Exercise directions: Take nothing but the lines from the one with "Field Territory Trade" through the one with "매화 꽃에 새 그림 액자 입니다." in the entries below, both ends kept, and return them exactly with pictures left out.

Records for the task:
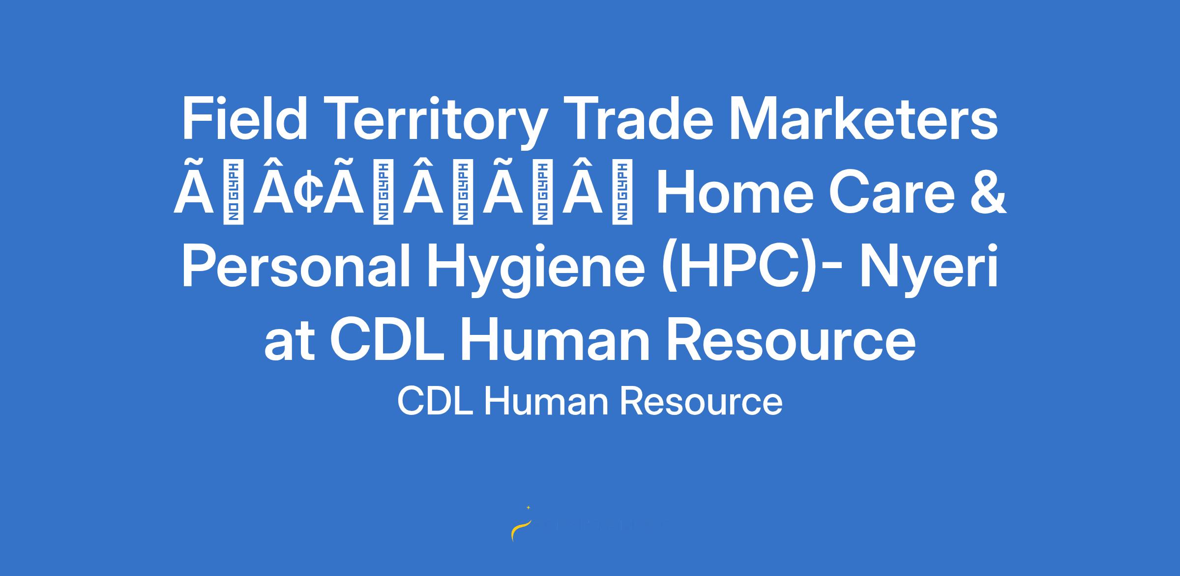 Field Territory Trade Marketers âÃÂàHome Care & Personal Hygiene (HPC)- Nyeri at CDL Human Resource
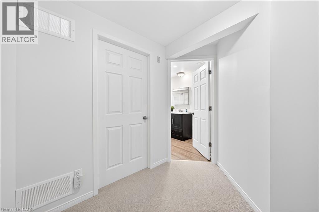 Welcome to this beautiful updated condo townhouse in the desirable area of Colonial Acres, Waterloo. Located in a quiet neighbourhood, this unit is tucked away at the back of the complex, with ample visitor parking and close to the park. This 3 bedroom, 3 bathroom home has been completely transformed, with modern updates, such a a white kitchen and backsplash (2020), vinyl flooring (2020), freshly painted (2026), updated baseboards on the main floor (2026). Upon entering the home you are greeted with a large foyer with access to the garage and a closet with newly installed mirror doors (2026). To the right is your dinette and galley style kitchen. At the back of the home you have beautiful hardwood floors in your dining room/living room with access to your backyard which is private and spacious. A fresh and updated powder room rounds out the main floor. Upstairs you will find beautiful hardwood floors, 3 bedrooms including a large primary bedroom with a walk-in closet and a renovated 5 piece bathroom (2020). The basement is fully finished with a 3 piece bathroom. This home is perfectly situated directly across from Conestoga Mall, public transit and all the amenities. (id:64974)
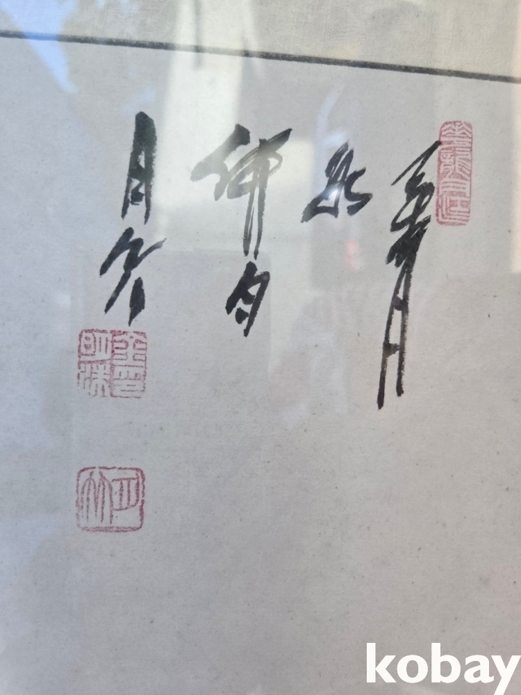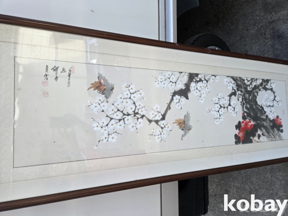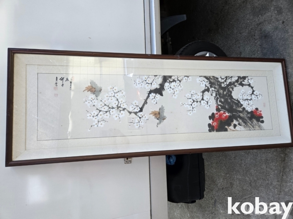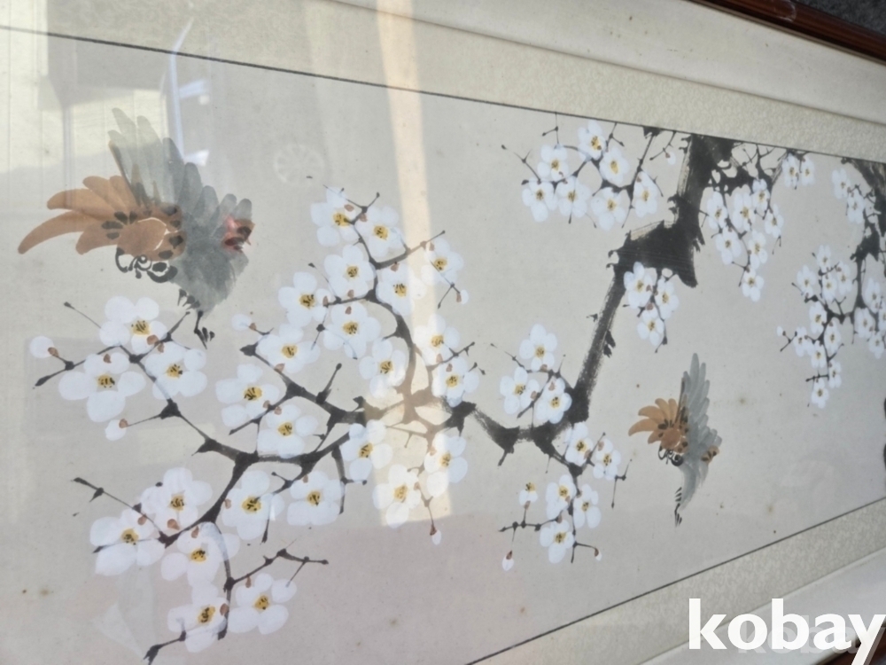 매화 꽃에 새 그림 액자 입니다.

--

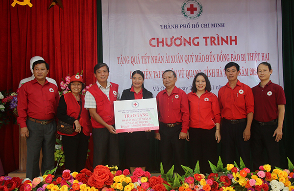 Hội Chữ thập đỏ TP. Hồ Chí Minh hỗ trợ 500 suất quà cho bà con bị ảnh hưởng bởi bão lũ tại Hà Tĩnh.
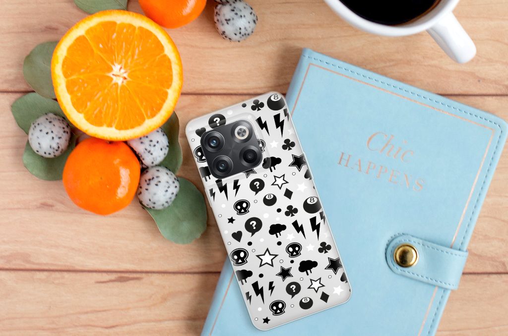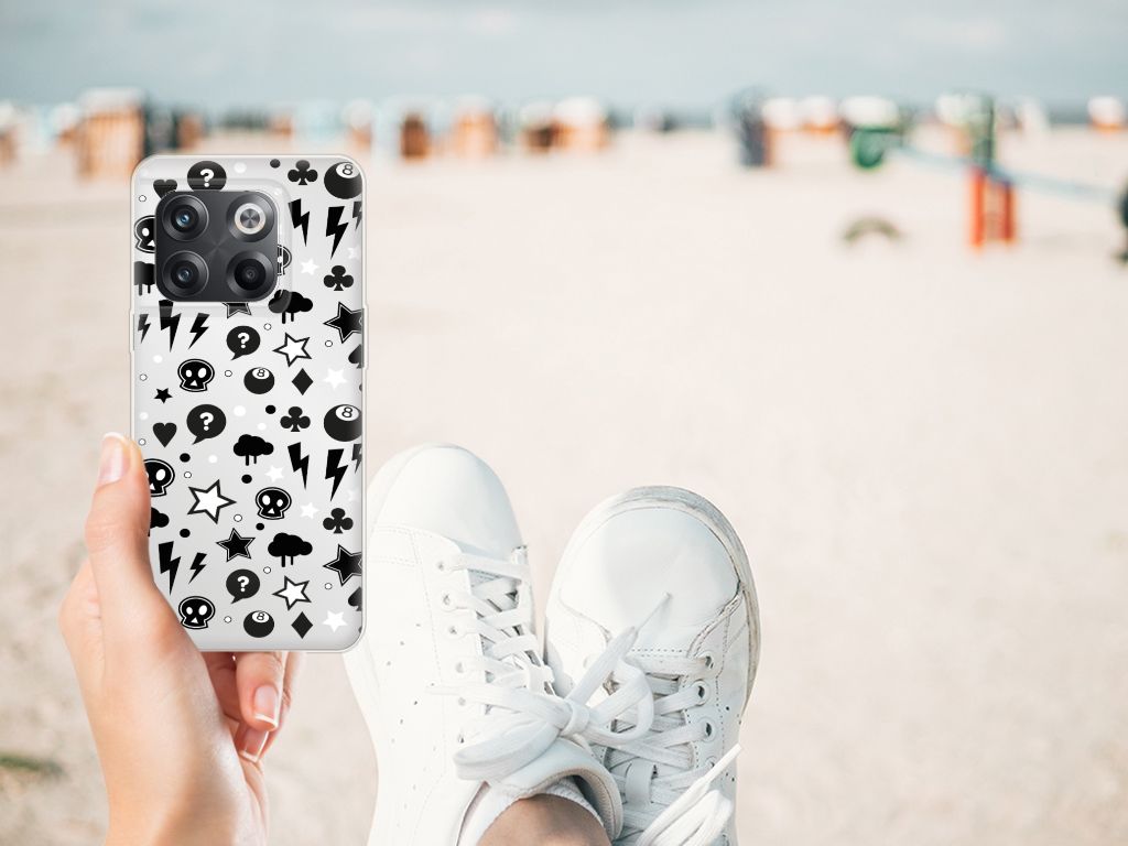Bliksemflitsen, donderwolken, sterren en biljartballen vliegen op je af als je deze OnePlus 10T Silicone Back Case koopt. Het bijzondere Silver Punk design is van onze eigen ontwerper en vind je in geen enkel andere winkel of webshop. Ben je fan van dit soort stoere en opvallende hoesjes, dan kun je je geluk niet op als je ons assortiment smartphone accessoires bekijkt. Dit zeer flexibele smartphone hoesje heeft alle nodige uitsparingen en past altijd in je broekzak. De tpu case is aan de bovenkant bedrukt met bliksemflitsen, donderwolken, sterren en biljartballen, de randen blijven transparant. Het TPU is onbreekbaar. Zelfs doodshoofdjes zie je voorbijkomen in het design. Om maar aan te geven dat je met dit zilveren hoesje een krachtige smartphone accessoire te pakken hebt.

Output for this task:
 Field Territory Trade Marketers âÃÂàHome Care & Personal Hygiene (HPC)- Nyeri at CDL Human Resource
 Welcome to this beautiful updated condo townhouse in the desirable area of Colonial Acres, Waterloo. Located in a quiet neighbourhood, this unit is tucked away at the back of the complex, with ample visitor parking and close to the park. This 3 bedroom, 3 bathroom home has been completely transformed, with modern updates, such a a white kitchen and backsplash (2020), vinyl flooring (2020), freshly painted (2026), updated baseboards on the main floor (2026). Upon entering the home you are greeted with a large foyer with access to the garage and a closet with newly installed mirror doors (2026). To the right is your dinette and galley style kitchen. At the back of the home you have beautiful hardwood floors in your dining room/living room with access to your backyard which is private and spacious. A fresh and updated powder room rounds out the main floor. Upstairs you will find beautiful hardwood floors, 3 bedrooms including a large primary bedroom with a walk-in closet and a renovated 5 piece bathroom (2020). The basement is fully finished with a 3 piece bathroom. This home is perfectly situated directly across from Conestoga Mall, public transit and all the amenities. (id:64974)
 매화 꽃에 새 그림 액자 입니다.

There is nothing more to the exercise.